The accident involving two oil tankers off the Russian coast in the Black Sea appears to have caused greater damage than Russian authorities admit.

Oil spill in the Black Sea worse than previously known
According to this, the tankers may not have been carrying only the comparatively light M-100 heavy oil, as stated, but rather far more toxic and difficult-to-degrade heavy oils. Key results from the approximately 8,000 samples of the washed-up oil taken by the Russian Consumer Protection Agency have not been published. The reconstruction of shipping routes suggests that at least one of the unoceanic oil tankers may have been loading particularly harmful heavy fuel oil in Rostov-on-Don. Research by the news magazine in the vicinity of a refinery a few kilometers away also suggests this possibility. There is speculation that the tankers may have been intended to load a larger vessel belonging to the Russian shadow fleet.
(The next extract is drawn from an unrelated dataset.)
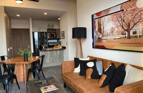 Hermoso departamento completamente nuevo y amueblado con un increíble diseño único. Con alberca y sala de usos múltiples. Espacio suficiente de hasta 5 personas, 2 recamaras, 2 baños, sala-comedor.
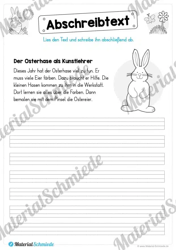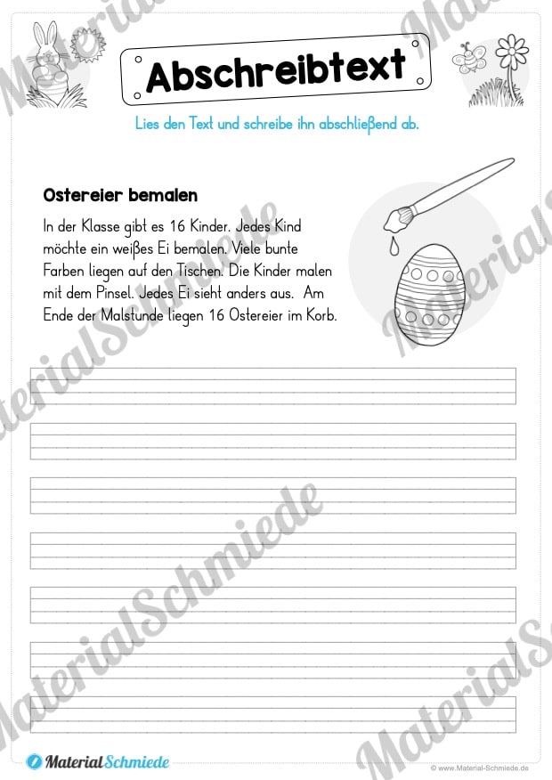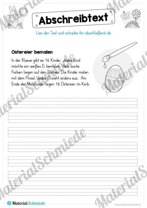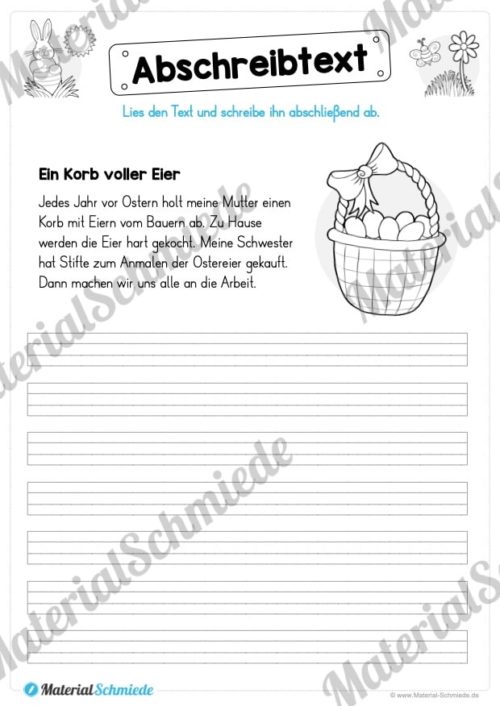 Die Themen der Abschreibtexte zu Ostern lauten wie folgt:

These vessels are used to ship barely processed Russian heavy fuel oil around the world in order to conceal its origin. The more than 50-year-old oil tankers ran into distress and capsized in mid-December in heavy seas in the Kerch Strait, between the Russian mainland and the Crimean Peninsula, annexed by Moscow. A crack in the hull of the "Volgoneft 212" split in two and sank. The second tanker, the "Volgoneft 239," also broke apart; its stern ran aground barely 50 meters offshore. The Russian government has already removed 170,000 tons of contaminated sand from the Black Sea region affected by the oil spill and has closed 150 beaches. Nevertheless, residents report that people continue to swim there. Environmentalists allege that they are being kept in the dark about the actual dangers and the composition of the oil scum.